TASK INSTRUCTIONS:
Your answer should consist of the lines in the data below that contain "Vintage".

(Items listed in a dataset)
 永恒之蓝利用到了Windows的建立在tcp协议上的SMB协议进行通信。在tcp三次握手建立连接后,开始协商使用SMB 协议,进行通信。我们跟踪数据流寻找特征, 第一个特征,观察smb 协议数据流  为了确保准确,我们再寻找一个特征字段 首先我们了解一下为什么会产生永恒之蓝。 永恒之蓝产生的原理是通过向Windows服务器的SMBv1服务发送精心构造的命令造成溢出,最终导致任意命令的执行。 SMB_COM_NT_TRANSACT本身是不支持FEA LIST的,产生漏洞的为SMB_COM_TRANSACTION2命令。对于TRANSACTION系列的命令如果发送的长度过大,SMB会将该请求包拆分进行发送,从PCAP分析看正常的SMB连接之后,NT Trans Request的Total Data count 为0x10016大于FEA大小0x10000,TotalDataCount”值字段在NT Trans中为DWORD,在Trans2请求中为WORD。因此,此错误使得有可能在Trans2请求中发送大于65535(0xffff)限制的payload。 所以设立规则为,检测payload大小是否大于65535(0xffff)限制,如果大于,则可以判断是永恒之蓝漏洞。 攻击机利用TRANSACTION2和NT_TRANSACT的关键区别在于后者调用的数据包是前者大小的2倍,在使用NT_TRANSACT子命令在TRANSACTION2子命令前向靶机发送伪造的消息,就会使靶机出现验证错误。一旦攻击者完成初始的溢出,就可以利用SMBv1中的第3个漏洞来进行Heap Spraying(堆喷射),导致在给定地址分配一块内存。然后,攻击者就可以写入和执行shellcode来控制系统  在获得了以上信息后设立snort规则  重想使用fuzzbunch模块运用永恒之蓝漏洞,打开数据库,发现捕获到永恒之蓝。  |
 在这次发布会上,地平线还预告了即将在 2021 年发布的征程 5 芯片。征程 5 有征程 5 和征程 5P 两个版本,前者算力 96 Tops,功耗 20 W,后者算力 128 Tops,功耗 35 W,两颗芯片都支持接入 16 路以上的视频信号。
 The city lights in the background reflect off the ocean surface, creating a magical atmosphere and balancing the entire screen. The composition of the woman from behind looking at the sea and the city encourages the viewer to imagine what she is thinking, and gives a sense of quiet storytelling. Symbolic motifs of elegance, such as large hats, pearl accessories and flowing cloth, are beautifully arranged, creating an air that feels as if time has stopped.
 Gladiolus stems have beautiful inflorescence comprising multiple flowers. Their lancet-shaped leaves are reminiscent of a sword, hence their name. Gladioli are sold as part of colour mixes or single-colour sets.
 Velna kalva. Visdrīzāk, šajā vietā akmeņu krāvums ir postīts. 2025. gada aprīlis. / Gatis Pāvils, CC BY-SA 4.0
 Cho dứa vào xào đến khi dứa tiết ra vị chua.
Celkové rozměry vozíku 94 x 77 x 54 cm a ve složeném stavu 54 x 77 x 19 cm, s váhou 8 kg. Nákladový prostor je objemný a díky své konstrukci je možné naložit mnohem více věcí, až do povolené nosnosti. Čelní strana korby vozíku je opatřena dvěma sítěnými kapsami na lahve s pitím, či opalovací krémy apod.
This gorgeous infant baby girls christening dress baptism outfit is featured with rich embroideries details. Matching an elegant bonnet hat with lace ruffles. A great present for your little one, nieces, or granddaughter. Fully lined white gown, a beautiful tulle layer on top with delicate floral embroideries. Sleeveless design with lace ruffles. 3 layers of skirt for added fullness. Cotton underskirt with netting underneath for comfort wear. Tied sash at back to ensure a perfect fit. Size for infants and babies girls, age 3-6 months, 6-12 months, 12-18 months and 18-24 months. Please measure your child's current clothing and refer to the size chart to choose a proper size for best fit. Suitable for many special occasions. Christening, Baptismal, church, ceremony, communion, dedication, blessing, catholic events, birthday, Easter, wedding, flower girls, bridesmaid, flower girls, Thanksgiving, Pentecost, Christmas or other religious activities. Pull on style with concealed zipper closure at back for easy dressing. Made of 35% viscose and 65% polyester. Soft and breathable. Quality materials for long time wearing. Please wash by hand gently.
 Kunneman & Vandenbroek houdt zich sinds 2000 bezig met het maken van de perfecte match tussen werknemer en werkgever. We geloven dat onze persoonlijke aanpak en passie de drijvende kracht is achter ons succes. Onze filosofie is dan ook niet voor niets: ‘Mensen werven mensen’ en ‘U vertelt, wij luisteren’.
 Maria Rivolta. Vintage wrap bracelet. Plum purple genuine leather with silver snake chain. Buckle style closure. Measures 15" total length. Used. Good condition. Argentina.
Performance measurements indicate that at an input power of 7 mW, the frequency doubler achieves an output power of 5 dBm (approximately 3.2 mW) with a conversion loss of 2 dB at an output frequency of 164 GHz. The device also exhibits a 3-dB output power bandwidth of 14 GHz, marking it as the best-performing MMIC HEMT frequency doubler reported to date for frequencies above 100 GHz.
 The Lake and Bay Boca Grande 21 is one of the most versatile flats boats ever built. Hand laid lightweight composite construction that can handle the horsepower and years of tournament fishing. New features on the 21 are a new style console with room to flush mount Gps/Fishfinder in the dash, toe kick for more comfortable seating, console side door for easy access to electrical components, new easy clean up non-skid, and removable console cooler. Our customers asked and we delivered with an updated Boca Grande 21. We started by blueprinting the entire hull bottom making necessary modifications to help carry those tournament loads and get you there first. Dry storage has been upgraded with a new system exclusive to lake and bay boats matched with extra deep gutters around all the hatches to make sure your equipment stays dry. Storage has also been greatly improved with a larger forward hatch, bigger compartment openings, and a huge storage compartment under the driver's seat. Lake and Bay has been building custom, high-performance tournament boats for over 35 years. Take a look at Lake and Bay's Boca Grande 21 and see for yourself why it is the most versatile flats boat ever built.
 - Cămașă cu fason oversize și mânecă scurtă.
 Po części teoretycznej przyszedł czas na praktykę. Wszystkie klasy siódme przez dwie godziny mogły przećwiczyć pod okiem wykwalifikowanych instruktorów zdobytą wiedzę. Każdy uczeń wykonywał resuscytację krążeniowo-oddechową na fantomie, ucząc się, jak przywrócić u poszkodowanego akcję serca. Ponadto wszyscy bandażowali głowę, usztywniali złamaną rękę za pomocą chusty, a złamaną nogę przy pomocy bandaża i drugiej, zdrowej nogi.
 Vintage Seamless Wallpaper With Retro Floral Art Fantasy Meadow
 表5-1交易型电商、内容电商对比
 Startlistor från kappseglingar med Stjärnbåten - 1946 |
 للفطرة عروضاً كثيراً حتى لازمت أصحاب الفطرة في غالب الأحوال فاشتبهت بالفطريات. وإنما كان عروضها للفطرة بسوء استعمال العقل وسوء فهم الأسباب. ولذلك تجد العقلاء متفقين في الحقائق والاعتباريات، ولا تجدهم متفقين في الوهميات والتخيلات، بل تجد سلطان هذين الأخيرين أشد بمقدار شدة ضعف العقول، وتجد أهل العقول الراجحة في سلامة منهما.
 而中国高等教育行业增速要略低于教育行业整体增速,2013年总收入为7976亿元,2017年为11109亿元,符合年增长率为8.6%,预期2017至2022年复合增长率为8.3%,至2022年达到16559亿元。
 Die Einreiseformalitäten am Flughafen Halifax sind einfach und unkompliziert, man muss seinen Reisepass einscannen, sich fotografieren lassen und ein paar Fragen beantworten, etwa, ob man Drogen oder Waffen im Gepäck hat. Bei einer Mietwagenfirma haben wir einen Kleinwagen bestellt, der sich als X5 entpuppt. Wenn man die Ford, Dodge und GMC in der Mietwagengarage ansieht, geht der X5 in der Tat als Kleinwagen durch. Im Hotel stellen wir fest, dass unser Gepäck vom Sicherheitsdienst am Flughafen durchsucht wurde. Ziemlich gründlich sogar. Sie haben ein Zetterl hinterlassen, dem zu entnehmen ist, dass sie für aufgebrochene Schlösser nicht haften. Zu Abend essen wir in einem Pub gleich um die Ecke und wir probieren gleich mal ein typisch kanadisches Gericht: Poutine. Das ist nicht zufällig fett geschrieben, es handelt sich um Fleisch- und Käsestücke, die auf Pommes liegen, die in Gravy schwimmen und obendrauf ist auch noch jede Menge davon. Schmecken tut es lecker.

FINISHED TASK:
 Maria Rivolta. Vintage wrap bracelet. Plum purple genuine leather with silver snake chain. Buckle style closure. Measures 15" total length. Used. Good condition. Argentina.
 Vintage Seamless Wallpaper With Retro Floral Art Fantasy Meadow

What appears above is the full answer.